Cursor Tab retrains every 90 minutes. That is what AI "learning on the job" actually looks like.
The code editor's autocomplete model retraining itself from 400 million user requests a day.
The code editor's autocomplete model retraining itself from 400 million user requests a day.
Cursor's Tab, the ghost-text autocomplete in its code editor, retrains its model roughly every ninety minutes from 400 million-plus daily requests, according to the company's engineering blog. That is the clearest proof of life so far for AI that genuinely learns on the job, and it is shipping at scale.
The shipped product is more interesting than the prediction. In a recent monologue on his blog, podcaster Dwarkesh Patel argued that the next AI breakthrough will come from training models on millions of verifiable tasks across thousands of reinforcement-learning environments, with sample inefficiency amortized across billions of deployment sessions. That argument is a thesis, not an experiment. Cursor Tab is the experiment.
The mechanism underneath is called on-policy self-distillation, sometimes shortened to OPSD or OPD. The idea, as Thinking Machines Lab describes it, is to align a base model's token-by-token predictions with the predictions of a "veteran teacher" model that has accumulated context from an extended session. It is dense supervision, one signal per token, without an outer-loop verifiable reward function. Where reinforcement learning with verifiable rewards (RLVR) needs an external checker to grade each answer, OPSD uses the session-accumulated model itself as the teacher.
That distinction matters for one reason: in-context learning, where a model absorbs information through its prompt or KV cache, does not persist. The session ends, and what the model learned is gone. Weight updates persist. On-policy distillation is one of the more active research directions in RL-for-LLM work right now. The mechanic differs from older "fast weights" or KV-cache approaches because it actually rewrites the model rather than the context.
This is where the evidence thins out. A thread on r/MachineLearning and adjacent community commentary describe OPSD as the key post-training technique behind Qwen 3.6 and 3.7, GLM-5.1, and DeepSeek-V4. Those attributions are analyst commentary, not company confirmation. None of the three model providers has published a release note naming OPSD as the headline post-training method. Treat the Chinese-lab claim as community chatter until the labs speak for themselves.
Cursor's product, by contrast, is auditable in its own narrow way. The Tab model learns online by predicting edit-accept behavior, and the company publishes both traffic and cadence. 400 million requests a day is not a benchmark number; it is a deployment count. The retraining cycle is short, which means the model is exposed to fresh signal far more often than a typical fine-tune-and-freeze pipeline. If "learning on the job" is the goal, Cursor has the densest deployment-to-weight loop in production AI today.
The bigger bet behind Dwarkesh's monologue is that this loop will scale beyond code. Today's RL environments are not all equal. Coding and math have deterministic verifiers: the program compiles or it does not, the equation balances or it does not. Computer use, by contrast, is not "grindable" in Dwarkesh's terms, because there is no parallel deterministic simulator to check the agent against. Labs are betting that techniques like OPSD will generalize to non-verifiable domains anyway. That is an open empirical question.
The formal name for this open problem, reset-free reinforcement learning, has been in the literature since a 2021 paper framed it as multi-task learning across non-stationary environments without human resets. Dwarkesh's 2026 framing is the same problem, dressed in different hardware economics. The economics do change the question. An estimated 30 to 50 percent of lab compute now sits in inference rather than training, per the monologue, and inference is where the most valuable signal lives, because deployment surfaces organizational context and real failure modes that no datacenter replay can reconstruct.
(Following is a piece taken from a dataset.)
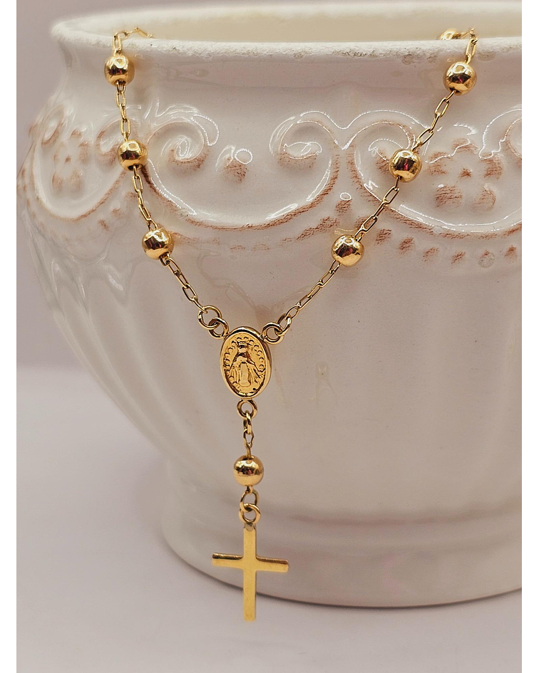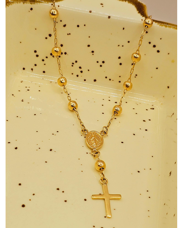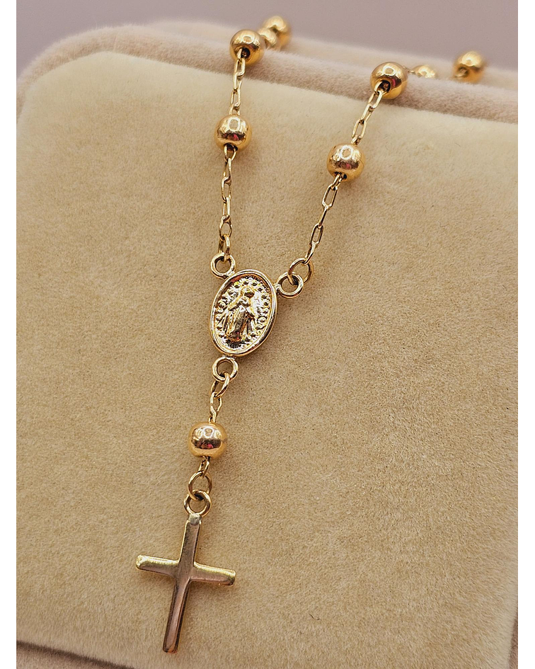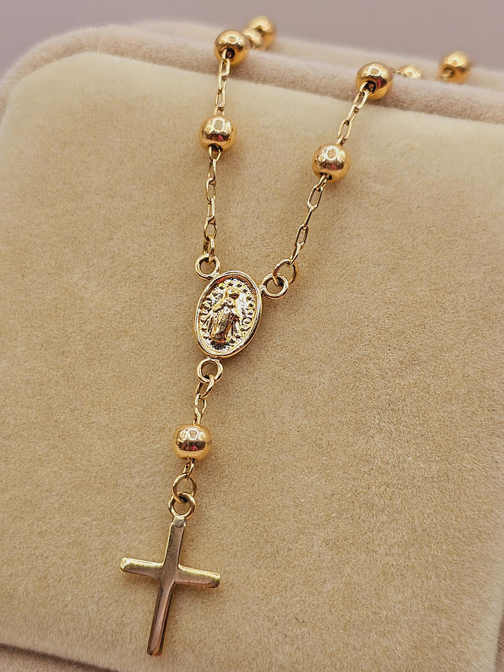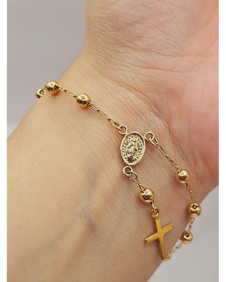 - Diseño Denario Clásico: Las delicadas cuentas de oro y la cruz tradicional crean un diseño armonioso y elegante. 🌟 La pulsera está pensada para llevarse a diario, aportando un brillo sutil y constante.

Whether the loop closes depends on two architectural fights. Sample efficiency and continual learning are coupled, because on-the-job data is scarce relative to pretraining corpora, and the obvious storage hack, stuffing fast weights into the KV cache, breaks memory at long context lengths. The candidates, sparse attention and KV-cache compaction, are not solved.
What to watch next: a release note from a Chinese lab naming OPSD or its cousin on the record, and a Cursor follow-up describing whether the ninety-minute cycle has compounded into measurable benchmark gains, or merely into better tab acceptance. The former would convert community chatter into architecture. The latter would tell us whether a narrow online loop generalizes upward, or stays narrow.